[Data entries]
==============================
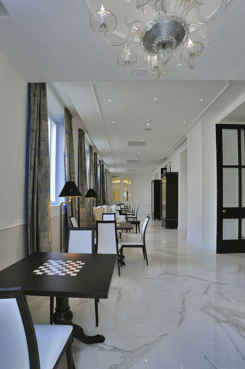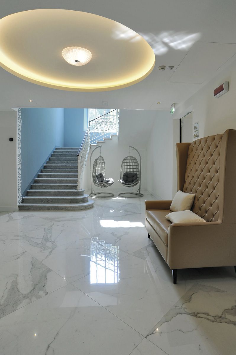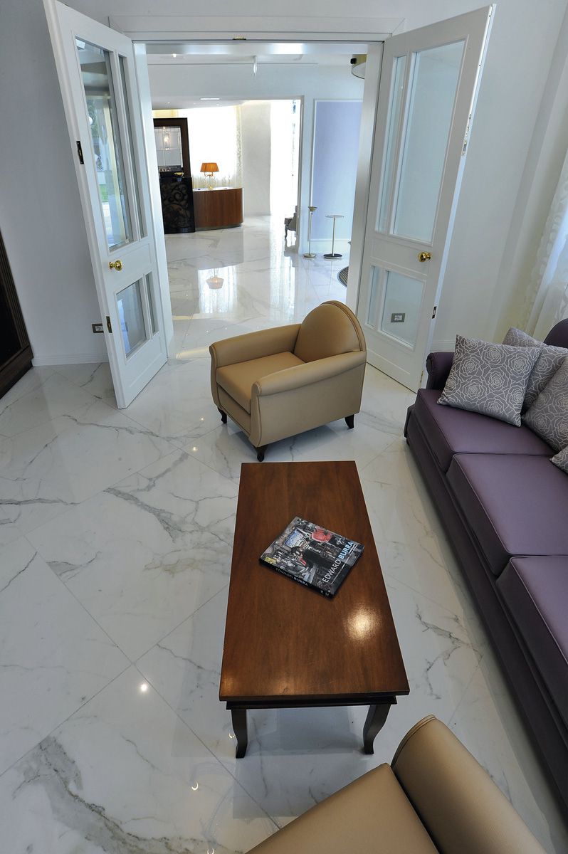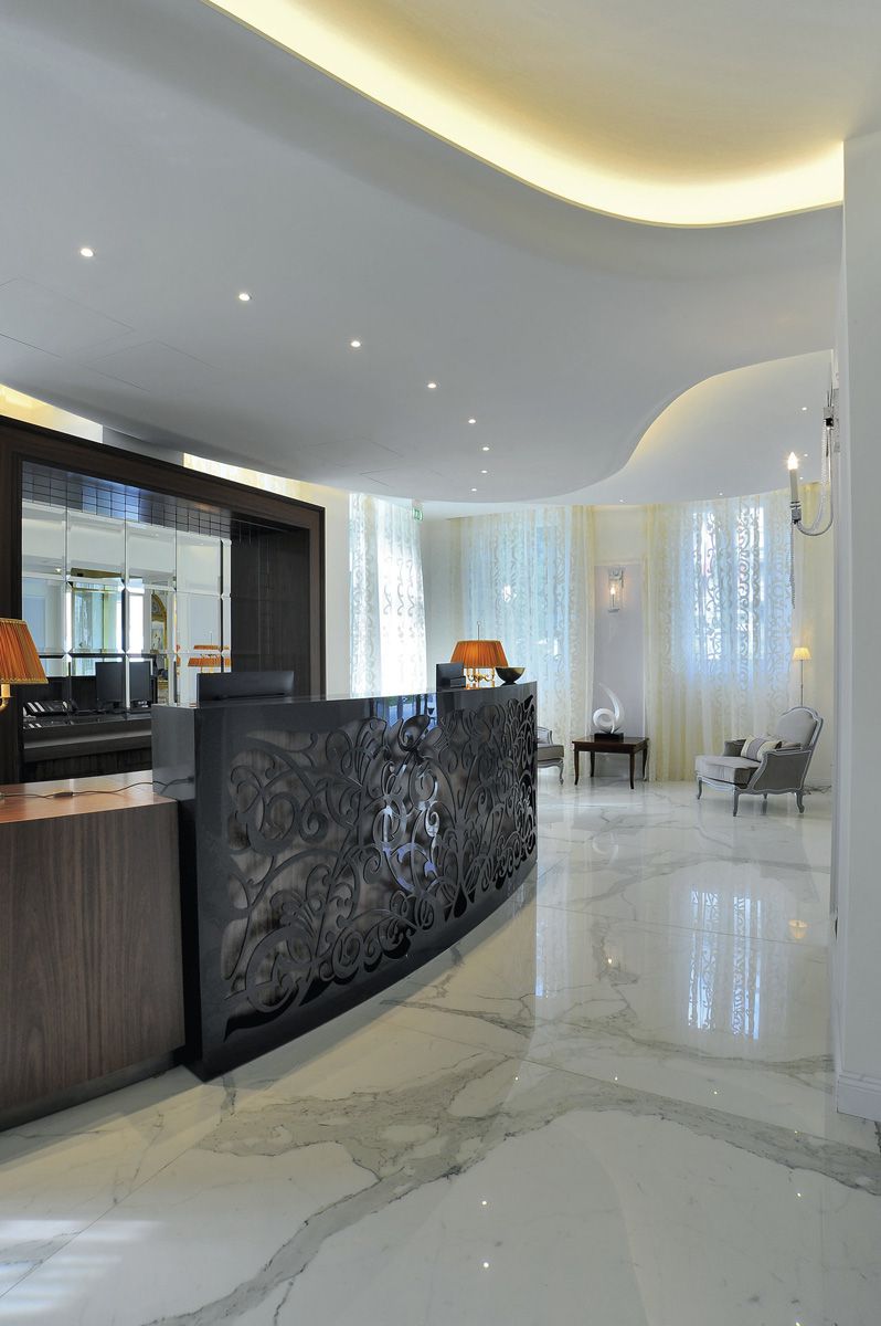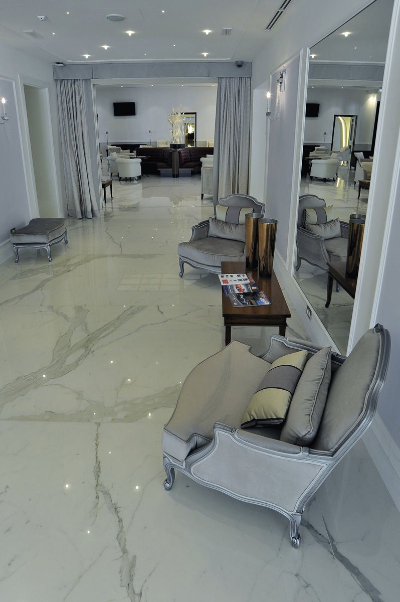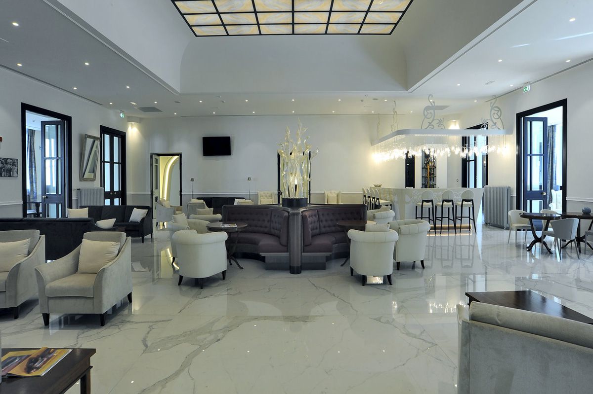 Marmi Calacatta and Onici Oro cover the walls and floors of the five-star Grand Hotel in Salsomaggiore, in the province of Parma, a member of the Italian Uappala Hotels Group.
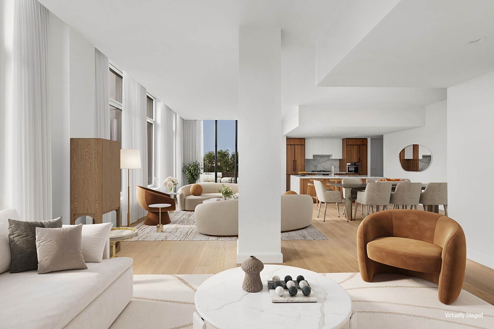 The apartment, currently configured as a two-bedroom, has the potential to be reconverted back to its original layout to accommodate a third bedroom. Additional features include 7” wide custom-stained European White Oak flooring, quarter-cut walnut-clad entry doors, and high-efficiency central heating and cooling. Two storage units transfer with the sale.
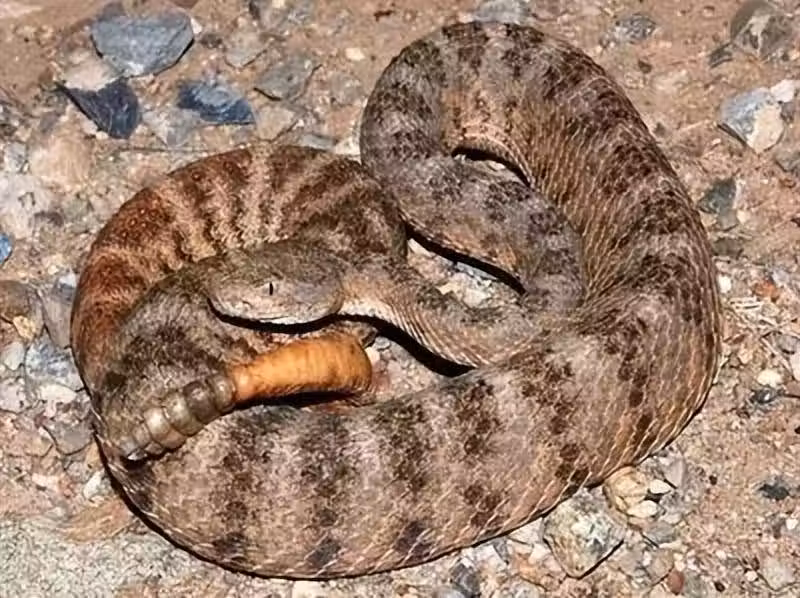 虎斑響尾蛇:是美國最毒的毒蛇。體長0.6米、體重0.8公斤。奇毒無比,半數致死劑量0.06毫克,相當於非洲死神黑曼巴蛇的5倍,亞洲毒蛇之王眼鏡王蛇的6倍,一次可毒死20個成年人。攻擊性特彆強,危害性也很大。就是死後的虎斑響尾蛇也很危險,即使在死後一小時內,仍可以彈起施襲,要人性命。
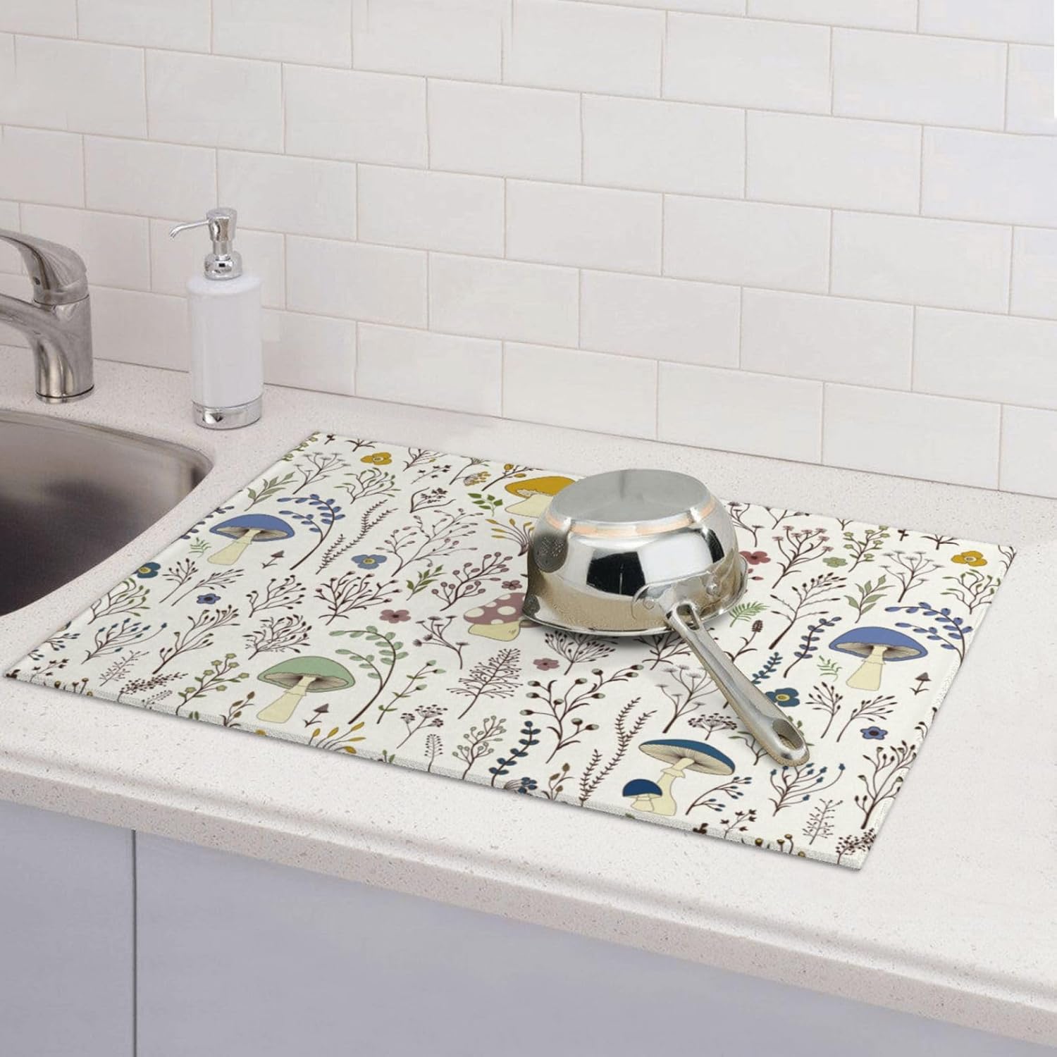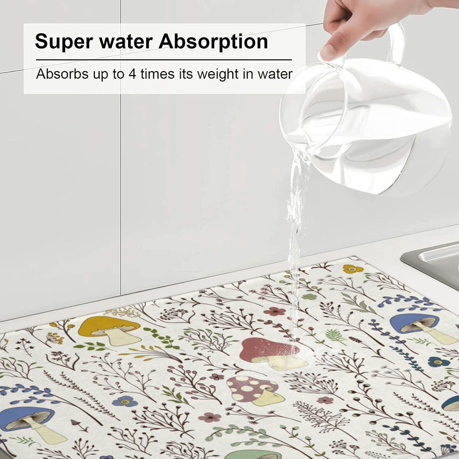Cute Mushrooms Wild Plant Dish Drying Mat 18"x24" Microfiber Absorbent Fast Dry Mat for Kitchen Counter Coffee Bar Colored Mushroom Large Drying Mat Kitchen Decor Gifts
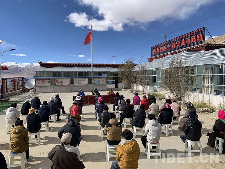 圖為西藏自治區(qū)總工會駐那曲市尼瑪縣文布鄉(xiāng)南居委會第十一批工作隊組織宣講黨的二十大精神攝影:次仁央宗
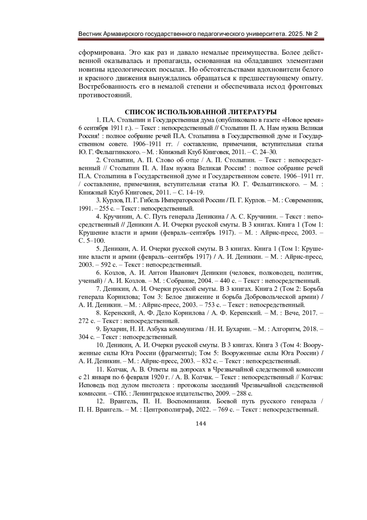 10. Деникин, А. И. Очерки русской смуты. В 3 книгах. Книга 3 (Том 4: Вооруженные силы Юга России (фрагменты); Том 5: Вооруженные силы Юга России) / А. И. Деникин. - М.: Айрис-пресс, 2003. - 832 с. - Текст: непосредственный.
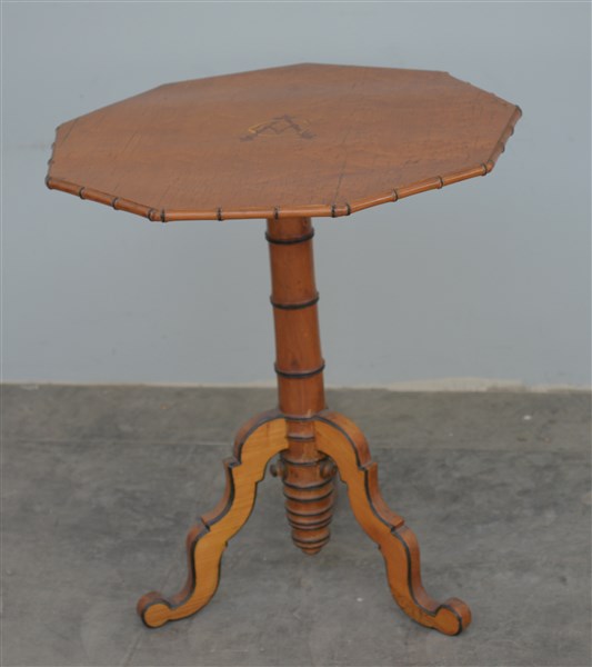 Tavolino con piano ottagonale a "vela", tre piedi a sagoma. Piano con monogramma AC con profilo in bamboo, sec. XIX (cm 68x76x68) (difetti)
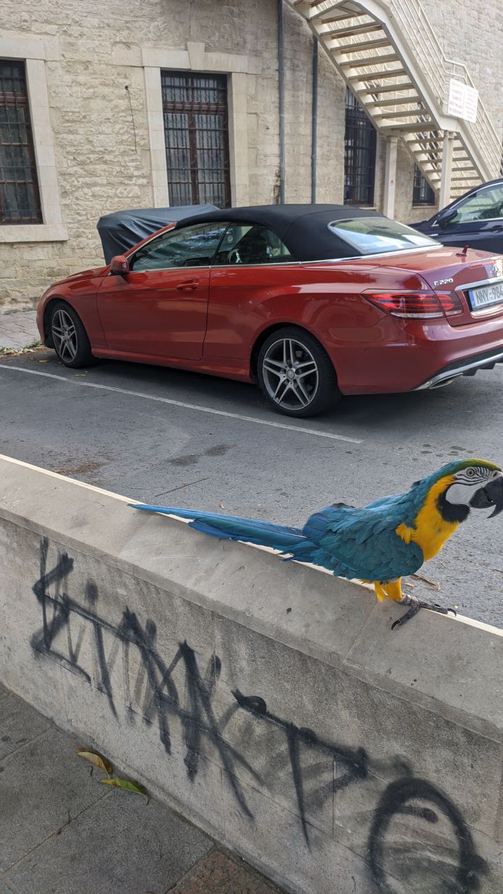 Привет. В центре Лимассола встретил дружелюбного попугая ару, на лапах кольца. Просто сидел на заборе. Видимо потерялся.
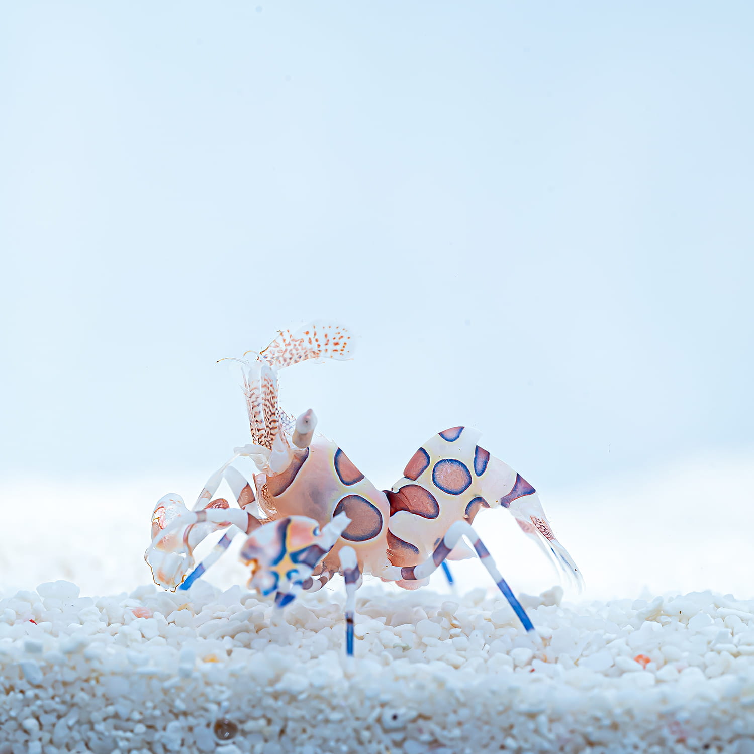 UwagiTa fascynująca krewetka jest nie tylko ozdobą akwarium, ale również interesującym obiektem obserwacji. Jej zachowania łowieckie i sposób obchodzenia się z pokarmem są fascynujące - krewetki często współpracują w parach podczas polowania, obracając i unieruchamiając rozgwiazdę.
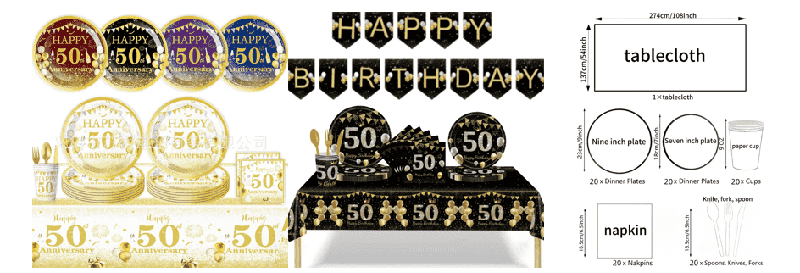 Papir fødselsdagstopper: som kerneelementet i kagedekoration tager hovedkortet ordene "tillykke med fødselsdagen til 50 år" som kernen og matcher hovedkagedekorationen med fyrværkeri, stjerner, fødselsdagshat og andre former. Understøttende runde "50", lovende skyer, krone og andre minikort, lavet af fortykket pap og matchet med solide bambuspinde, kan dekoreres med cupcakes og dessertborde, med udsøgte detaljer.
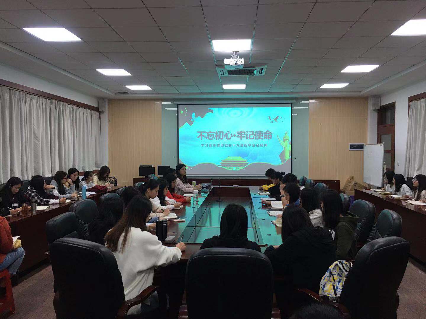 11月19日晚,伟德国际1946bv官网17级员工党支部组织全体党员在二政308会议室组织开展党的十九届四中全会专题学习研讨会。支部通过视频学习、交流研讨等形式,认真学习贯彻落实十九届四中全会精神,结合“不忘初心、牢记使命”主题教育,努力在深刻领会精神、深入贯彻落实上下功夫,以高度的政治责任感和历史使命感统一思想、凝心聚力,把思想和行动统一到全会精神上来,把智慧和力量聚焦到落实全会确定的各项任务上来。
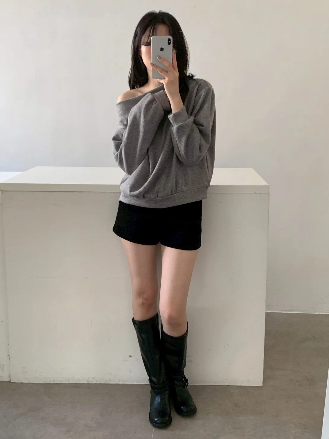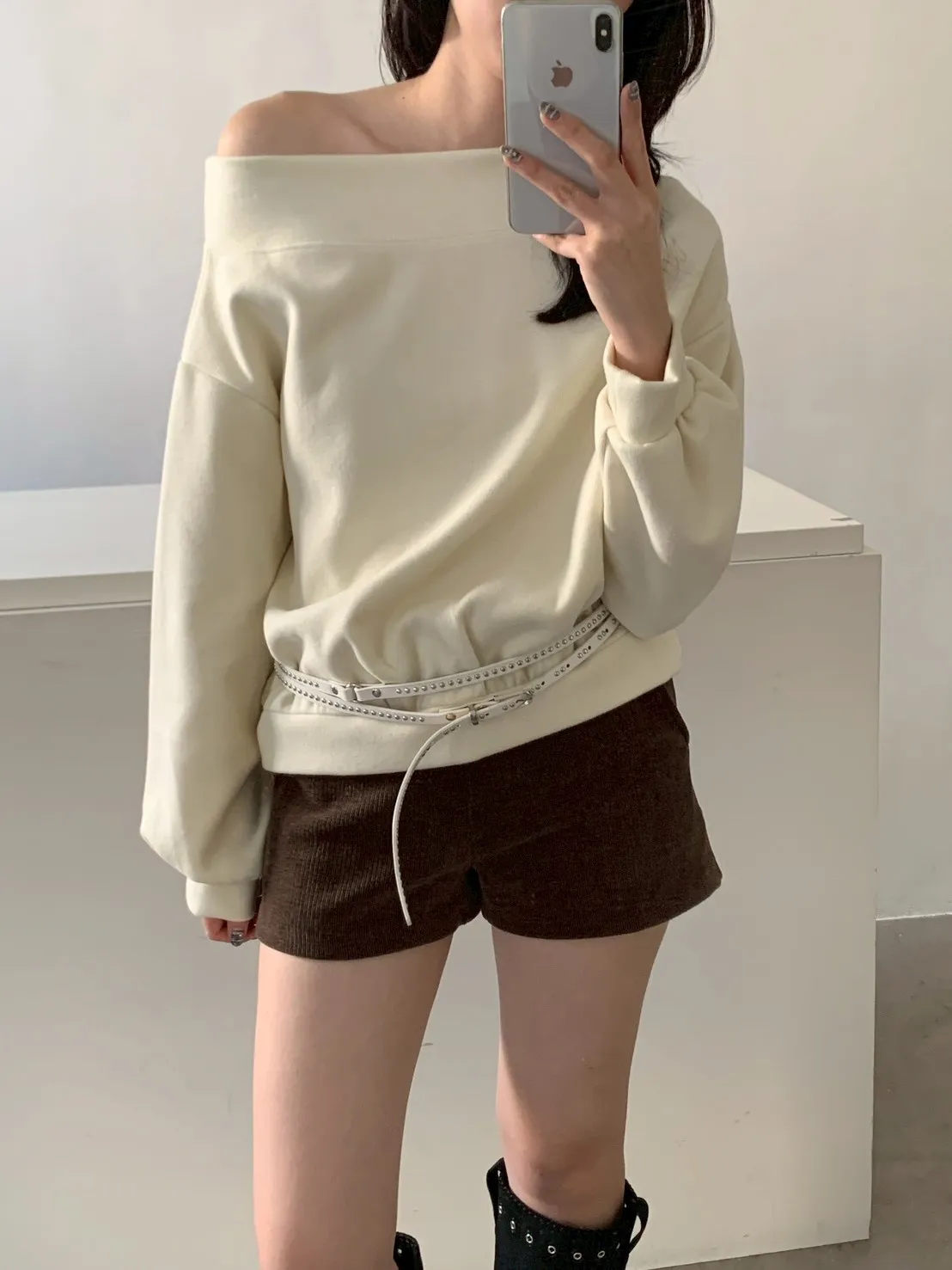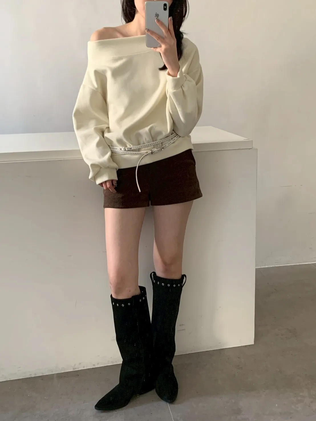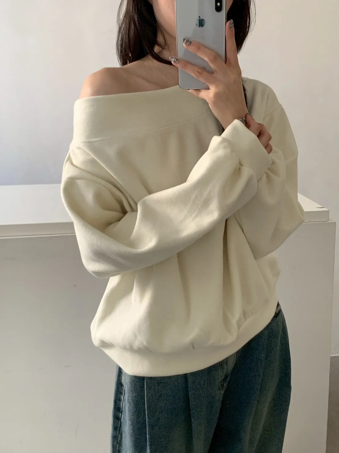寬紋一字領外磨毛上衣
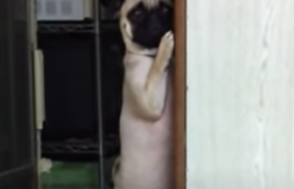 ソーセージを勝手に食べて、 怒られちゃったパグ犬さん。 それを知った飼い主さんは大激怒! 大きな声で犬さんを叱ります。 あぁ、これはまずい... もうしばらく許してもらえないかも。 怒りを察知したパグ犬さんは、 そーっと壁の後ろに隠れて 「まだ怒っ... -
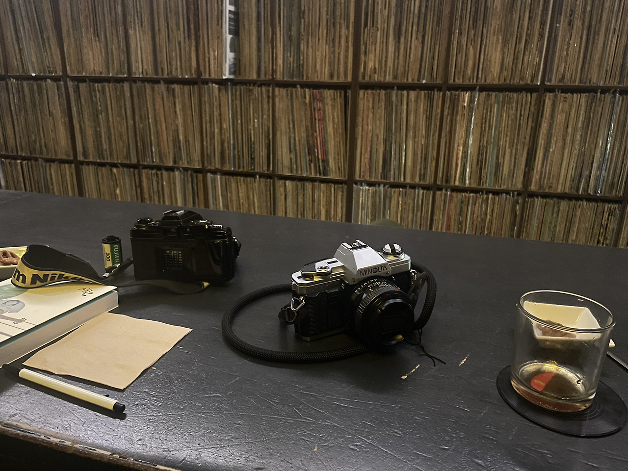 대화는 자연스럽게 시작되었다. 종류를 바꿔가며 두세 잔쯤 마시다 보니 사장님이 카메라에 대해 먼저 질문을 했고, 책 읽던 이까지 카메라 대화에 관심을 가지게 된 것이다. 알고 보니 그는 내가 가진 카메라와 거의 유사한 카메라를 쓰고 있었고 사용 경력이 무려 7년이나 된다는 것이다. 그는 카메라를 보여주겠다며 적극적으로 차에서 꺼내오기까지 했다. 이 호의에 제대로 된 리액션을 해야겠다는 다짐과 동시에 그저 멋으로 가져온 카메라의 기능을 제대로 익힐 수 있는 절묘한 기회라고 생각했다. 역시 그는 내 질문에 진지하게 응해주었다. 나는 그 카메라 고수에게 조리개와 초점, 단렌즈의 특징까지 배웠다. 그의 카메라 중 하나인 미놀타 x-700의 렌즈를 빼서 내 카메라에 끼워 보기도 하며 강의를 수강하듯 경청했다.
==============================
INSTRUCTIONS TO FOLLOW
Reproduce, word for word, only the lines in the records above from the line with "UwagiTa fascynująca krewetka" through the line with "ソーセージを勝手に食べて、 怒られちゃったパグ犬さん。 それを知った飼い主さんは大激怒!", including both ends; omit the pictures.

TASK ANSWER
 UwagiTa fascynująca krewetka jest nie tylko ozdobą akwarium, ale również interesującym obiektem obserwacji. Jej zachowania łowieckie i sposób obchodzenia się z pokarmem są fascynujące - krewetki często współpracują w parach podczas polowania, obracając i unieruchamiając rozgwiazdę.
 Papir fødselsdagstopper: som kerneelementet i kagedekoration tager hovedkortet ordene "tillykke med fødselsdagen til 50 år" som kernen og matcher hovedkagedekorationen med fyrværkeri, stjerner, fødselsdagshat og andre former. Understøttende runde "50", lovende skyer, krone og andre minikort, lavet af fortykket pap og matchet med solide bambuspinde, kan dekoreres med cupcakes og dessertborde, med udsøgte detaljer.
 11月19日晚,伟德国际1946bv官网17级员工党支部组织全体党员在二政308会议室组织开展党的十九届四中全会专题学习研讨会。支部通过视频学习、交流研讨等形式,认真学习贯彻落实十九届四中全会精神,结合“不忘初心、牢记使命”主题教育,努力在深刻领会精神、深入贯彻落实上下功夫,以高度的政治责任感和历史使命感统一思想、凝心聚力,把思想和行动统一到全会精神上来,把智慧和力量聚焦到落实全会确定的各项任务上来。
寬紋一字領外磨毛上衣
 ソーセージを勝手に食べて、 怒られちゃったパグ犬さん。 それを知った飼い主さんは大激怒! 大きな声で犬さんを叱ります。 あぁ、これはまずい... もうしばらく許してもらえないかも。 怒りを察知したパグ犬さんは、 そーっと壁の後ろに隠れて 「まだ怒っ... -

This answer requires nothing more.